Las brumas del Paraiso

Filadi Curto 



Me acerqué con cautela, sin saber que había más allá de la cortina que enturbiaba los ojos. Su aliento acuoso me humedeció el rostro  mientras caminaba perdida. Sin más guía que el lejano murmullo proseguí el camino, hasta encontrarlo, hasta invadirlo. Me recibió con caricias, lamiendo mi piel, como si todo le fuera ajeno. Cerré los ojos para disfrutar, para imaginar las yemas de sus dedos, casi imperceptibles, invisibles, paseando mis pies, mis tobillos, mis piernas. De repente se fue, volvió, abruptamente me rodeó las rodillas, escaló entre mis muslos, gemí. Oí sus sollozos cuando se alejaba de nuevo. Y supliqué…

Vuelta la envestida… y la retirada…

-¿Por qué me hace esto?

Solo un deseo, estar en él y él en mi.

Entregada, comprendí que nunca me pertenecería. Pese a darme a él por entero, pese a abrir mi cuerpo y mi corazón sin pudor, sin recato, por necesidad, por egoísmo. Me concentré, entonces,  en disfrutar de cada paso entre su dulce vaivén, en aspirar su aroma profundo a vida y ahogar mis suspiros entre su rumor inmortal.
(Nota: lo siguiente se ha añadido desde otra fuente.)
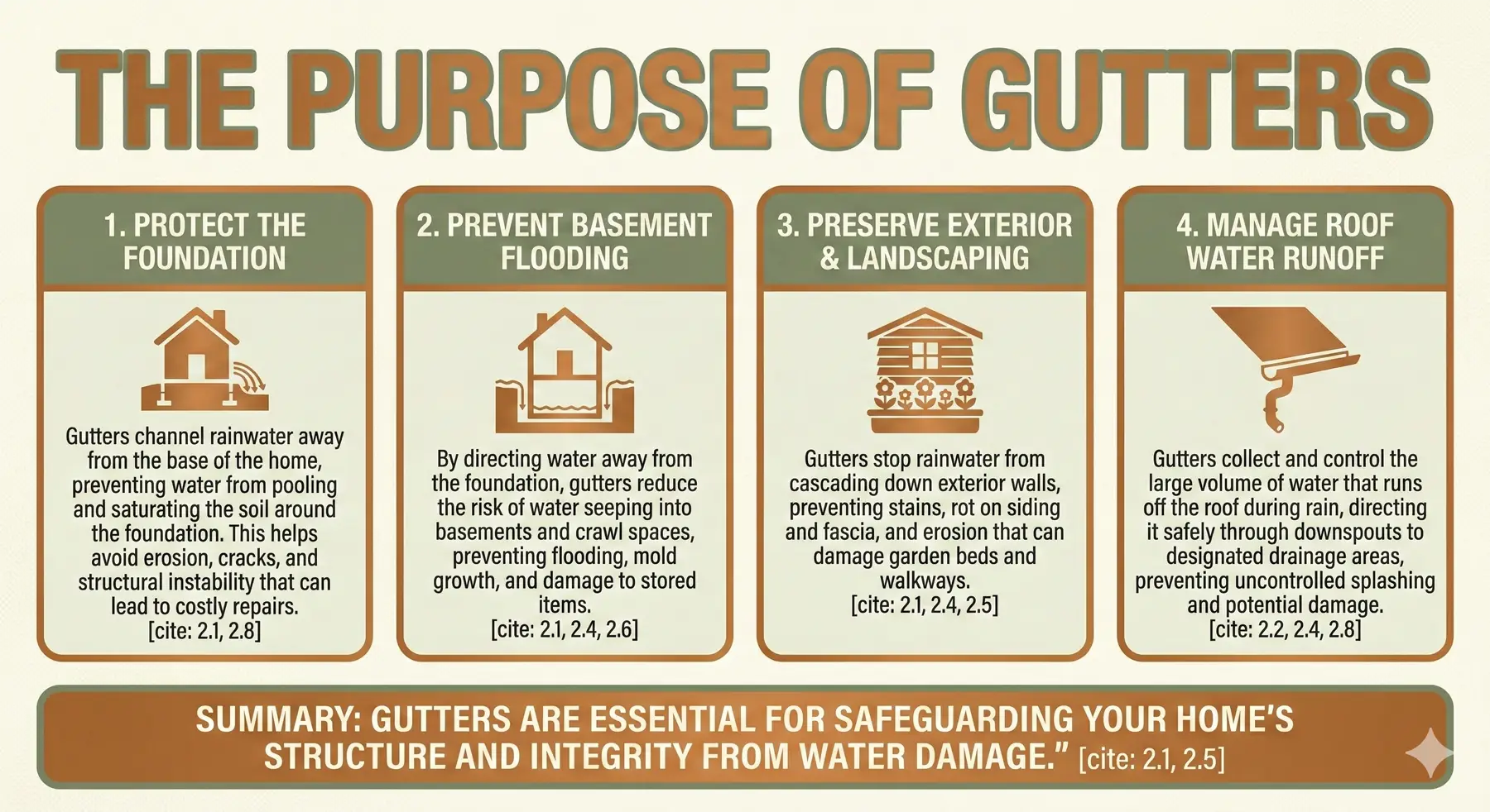 Middle Tennessee averages around 54 inches of rain annually, making a durable and effective gutter system essential for local properties (U.S. Climate Data). Without proper drainage, rainwater can damage your roof, siding, fascia, foundation, and landscaping. Clogged or broken gutters can lead to basement flooding, soil erosion, and wood rot, issues that cost thousands to fix. Gutters channel water away from your home to prevent structural issues and protect your investment.

Me emborrache de él, a sabiendas de que, para mi amante, tan solo era una más, uno más….

La eternidad pasó en un instante y consentí… una y mil veces…

Y desde entonces le busco. Prefiero encontrarle los días lluviosos y fríos, pues es entonces mío, solo mío.

            Al final,  acepté compartirlo, es tanto lo que me da, que me conformo con ser una más.

Los vi marchar - Filadi Curto

Los vi marchar

Filadi Curto



Les vi marchar a lo lejos, la imagen trajo  los recuerdos a mi mente: mi madre, nuestra infancia juntas, las  Noche Buenas llenas de risas, de niños… los abuelos…
Al echar la vista a tras me doy cuenta de la gran fortuna que es la familia, no solo la actual, la de antaño, la que se ha ido en parte, la que no volverá.
 Me veo en el lugar de madre,  se entremezcla mi vida y la de mi progenitora, para enseñarme que el tiempo transcurre, pero al final todo sigue igual o parecido. Con el paso de los años la comprendo mejor, valoro todos los sacrificios que hizo, en su juventud y en su madurez. Hay momentos en los que me parece que estoy mirando  el mundo desde sus ojos. Tal vez ella esté al otro lado de mi, como madre imagino no dejar nunca a mis hijas sin amparo, como madre pienso en ese pájaro que empuja sus polluelos a volar, aun a sabiendas que pueden no desplegar las alas en el vacío. ¿Ella seguirá ahí vigilando mi vuelo? ¿O su mirada me habrá perdido en el horizonte?
Mi mente quiere ir más allá, podría divagar hasta encontrar a la persona que más echo de menos en la vida, hasta imaginar donde está, como está y con quien. La añoranza trae las lágrimas a mis ojos, pero nunca me la devolverá. Aún así, me siento feliz por poder disfrutar de las personas que compartieron nuestras vidas, con las que, al reencontrarnos, resucita los recuerdos de alegrías compartidas, de personas entrañables que nos hicieron sentir queridas. Esa felicidad me lleva al agradecimiento de tenerlos todavía en mi corazón, de seguir compartiendo un modo de vida que mamamos  y de poder estar juntas, aunque sea a ratos.
Hoy, cuando los vi marchar, los recuerdos de otra partida más dolorosa  acudieron a mí,  nunca podré separar a mi madre de su familia, de la mía.
Pero ahora, cuando las lágrimas los despiden, en silencio, solo quiero recordar todos los momentos de felicidad; las luciérnagas en los setos, las risas de las hermanas, sus caminatas juntas rodeadas de niños para llegar al hogar familiar…. Los calcetines de borlas, y los vestidos de manzanas. Las pastas de Reglero, los veranos calurosos durmiendo en el suelo…  
Y ahora que te vas…  solo quiero recordar cuanto te quiero, cuanto os quiero. Y que nunca os podré separar a ella, a ti, como ella, como mi hija, ojos de cielo….
Ya te echo de menos… 

Azules y verdes - Filadi Curto

Azules y verdes

Filadi Curto 





Hay un lugar gris, donde a veces se va el corazón, donde las lágrimas reinan, donde vuelve el dolor, donde el miedo  domina.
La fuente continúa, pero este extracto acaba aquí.